For some, doomsday is just another excuse to party

Update: 2012-12-20 03:09 GMT
Diehard doomsayers will be scurrying to the nearest shelter in fear of a Mayan prophecy of the world's end Friday, but many more from Delhi to Sydney will ring in the date by partying like there's no on Thursday.

One thing is certain: from off-the-shelf bunkers to ‘World's End’ menus or trips to esoteric hot spots, December 21, singled out by the Mayan ‘Long Count’ calendar as the end of a 5,000-year era, has spelled big business worldwide.

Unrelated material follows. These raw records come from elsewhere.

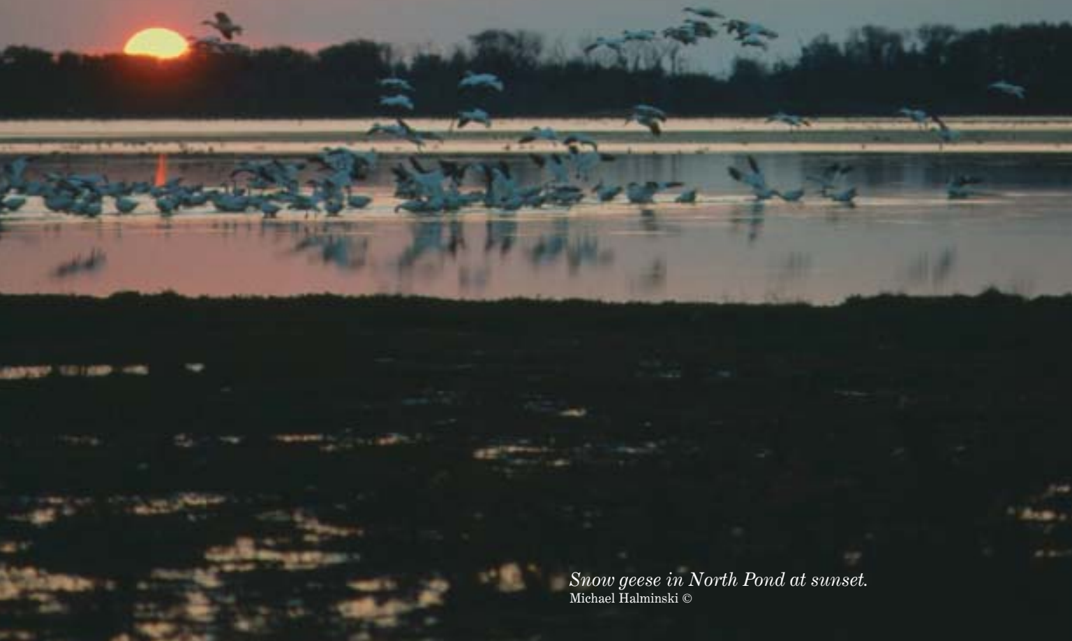
Snow geese in North Pond at sunset.

Situated on Hatteras Island on the Outer Banks of North Carolina, it was established to provide habitat for migratory birds, primarily waterfowl, and other wildlife.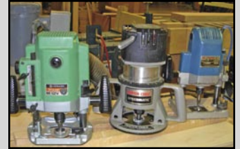
ASSORTED HAND ROUTERS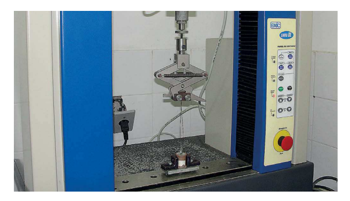
Figure 9 - EMIC machine with the specimen positioned for testing.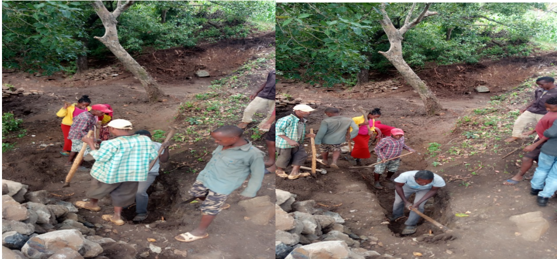
Trench Excavation at Doge Laroso

Local community members excavated the Doge Laroso kebele trench.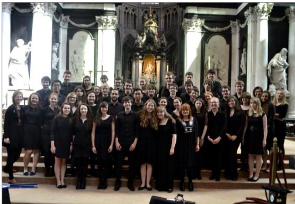
ABOVE: DUPO group photo in Sint-Baafs Cathedral, Ghent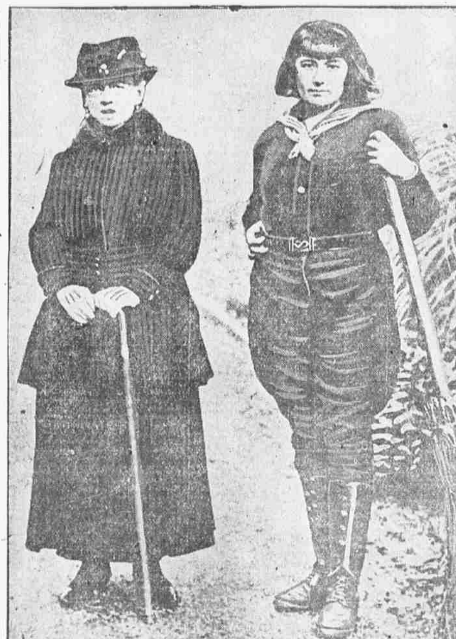
LADY COWDRAY, WIFE OF THE BRITISH CAPITALIST, PUTS HUSKY GIRLS TO WORK ON HER ESTATE AS GARDENERS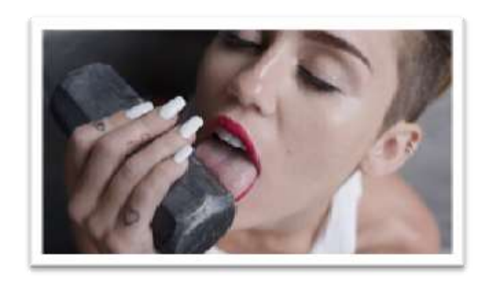
Figure 3: Screenshot from Miley Cyrus' "Wrecking Ball." Cyrus, Miley. "Wrecking Ball." YouTube . 9 September 2013. Web. 24 October 2014. <a href="http://www.youtube.com/watch?v=My2FRPA3Gf8">http://www.youtube.com/watch?v=My2FRPA3Gf8</a>>.

The video for "Wrecking Ball" was released on September 9, 2013. It was declared the most popular video of 2013 by the music website Vevo which hosts the clip (news.com.au) and by April 2015, more than 760 million viewers had seen the video. As mentioned above, in contrast to the low-key approach The Julie Ruin had chosen, the video's

Across the Mayans' ancestral homeland, a vast swathe of Central America including parts of Mexico, Belize, Guatemala, Honduras and El Salvador, ‘The End of the World As We Know It’, or TEOTWAWKI, has been a shot in the arm for tourism.

Ancient Mayan sites will be buzzing with activity on Friday, hosting ritual reenactments, conferences and sound-and-light shows -- often against the backdrop of protests by indigenous groups who complain their culture is being hijacked.

But elsewhere around the globe there will be no shortage of shelters or shrines to host the fearful -- or simply curious - crowds through the night.

Apocalyptic-minded folk in Brazil can head to the village of Alto Paraiso, a place pulsating with ‘mystical energy’, as local lore would have it, that has been readying for the end for years.

An anti-Armageddon ceremony will take place on the Island of the Sun, in the middle of Bolivia's Lake Titicaca, the highest in the world, where legend has it the founders of the Inca empire were born.

And illuminati in Serbia are predicting that the pyramid-shaped mountain of Rtanj will glow on Friday night, which is also the solstice.

The village of Sirince in western Turkey has also become an apocalyptic magnet, with all 400 hotels in the vicinity fully booked. It is reputed to be doomsday-proof because the Virgin Mary is said to have risen to heaven from there.

Likewise the picturesque south Italian village of Cisternino, singled out by an Indian guru as a safe bet come the end of the world.

Or there is France's apocalyptic spot of choice, the Pic de Bugarach in the foothills of the Pyrenees, though the site is cordoned off to keep out the hordes, and a local hotel will set you back 1,500 euros -- payable in advance.

Short of a sacred site to weather the doomsday storm, there is always the man-made option of a good old bunker.